The Garden - Melissa Scott [24]
She started off without waiting for an answer. The others followed, but Kim paused to point his tricorder at the low-growing foliage beside the path. The spots of red that he'd though were fruit seemed to be tiny, spherical flowers, but the thick, almost-black leaves were rich in calcium, and seemed otherwise edible. He shook his head, amazed again at the fertility of the land, and Paris passed him, whistling a seven-note phrase.
"Come on, Harry," he called, over his shoulder, and Kim filed the tricorder reading for later study. Paris's whistling floated back to him, teasingly familiar, and he frowned, trying to remember the words that went with the tune. A children's film, he thought,
and a very old one, but he couldn't remember any more. He shook the memory away, and lengthened his stride to catch up.
The stone road ran under an arch that seemed to grow from a pair of living trees, and then curved gently down a slope covered with more of the dark-green leaves. At the bottom of the slope, the ground was divided by low-growing hedges, none of them taller than Kim's knee, into a complicated pattern that seemed to be based on hexagons. Each of the sections was filled with a different plant, and in the center of the pattern a tree rose from a carpet of vivid blue flowers and spread into an almost flat canopy of bright yellow leaves. Or were they flowers? Kim wondered, and then caught his breath as something moved at the base of the tree. He trained his tricorder on it instinctively, and saw a phaser appear in Rene-han's hand as if by magic.
"What is it?" Paris said, and Kim shook his head, watching the readings shift and change on the tricorder screen.
"I can't tell-"
Even as he spoke, the figure straightened to its two hind legs, reaching up to paw at the golden canopy overhead. It looked more humanoid in that position, definitely bipedal, despite the bowed legs and awkward, almost anthropoid stand. From this distance, it was hard to see if the dull gray was skin or scales or even short fur, though the color seemed to darken on the limbs, deepening almost to black in the clumsy, two-fingered hands. Kim glanced at his tricorder again, unable to make the readings match what he thought he was seeing. The tricorder called it a machine, or at least claimed there were machine parts in it, but at the same time, the system gave a weak life-form reading. The creature shook the tree, hard, and
sent a shower of gold over itself. Something larger fell with the leaves, and the creature squatted to retrieve it, glanci ng over its shoulder as it did so. It saw the Voyager party, and started to its feet, dropping the fruit it had gathered half-eaten.
"Damn," Janeway said under her breath, and the creature leaped gracelessly over the nearest of the little hedges and bolted for the shelter of a distant stand of trees.
Torres shook her head in frustration. "The readings are still inconclusive, Captain. But it didn't look like a machine."

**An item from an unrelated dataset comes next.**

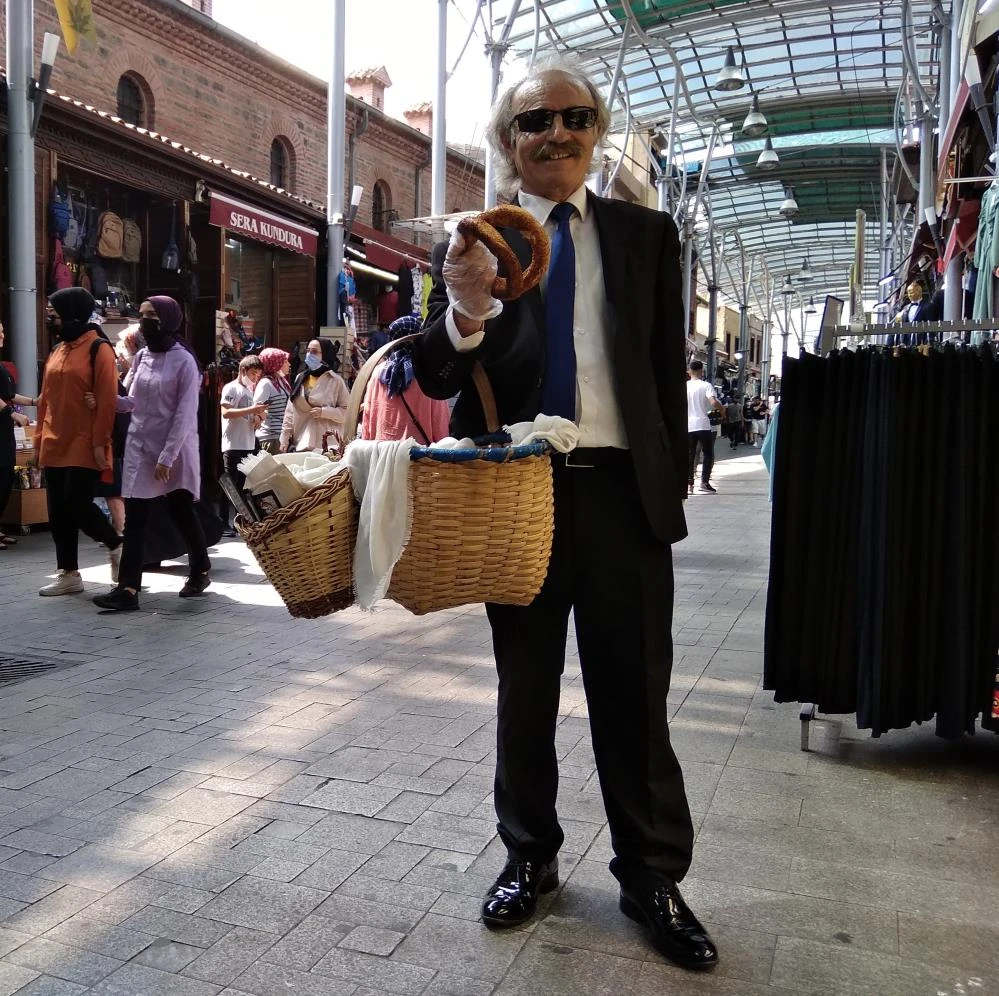 Bursa’da seyyar simit satıcısı olan memur emeklisi Ahmet Berksun, takım elbise ve kravatla çalılıyor. Bu sayede müşterilerinin ilgisini çeken Berksun, taleeplere yetişemiyor.

"I got the same results," Kim said. "A weak life-form reading, but also machine parts."
Janeway shook her head, staring at the trees where the creature had vanished. "Well, let's at least take a look at what it was eating-if it was eating."
Luckily, the road brought them to within two fields of the tree. Even at that distance, Kim could smell the odor that spilled from the tree. It was sweet but not sickly, a delicate perfume that promised the taste of nectar and made his stomach growl in response. He stepped carefully through the fields, and ducked under the low-growing canopy. The smell was even stronger there, and it was all he could do not to pull a fruit from the tree and taste it then and there. He pointed his tricorder at it instead, and was not surprised to find that it was well within the required parameters. A breeze stirred his hair, bathing him in a sudden gust of scent-like peaches and pears, he thought, or honeysuckles-and he swallowed hard as his mouth filled with saliva.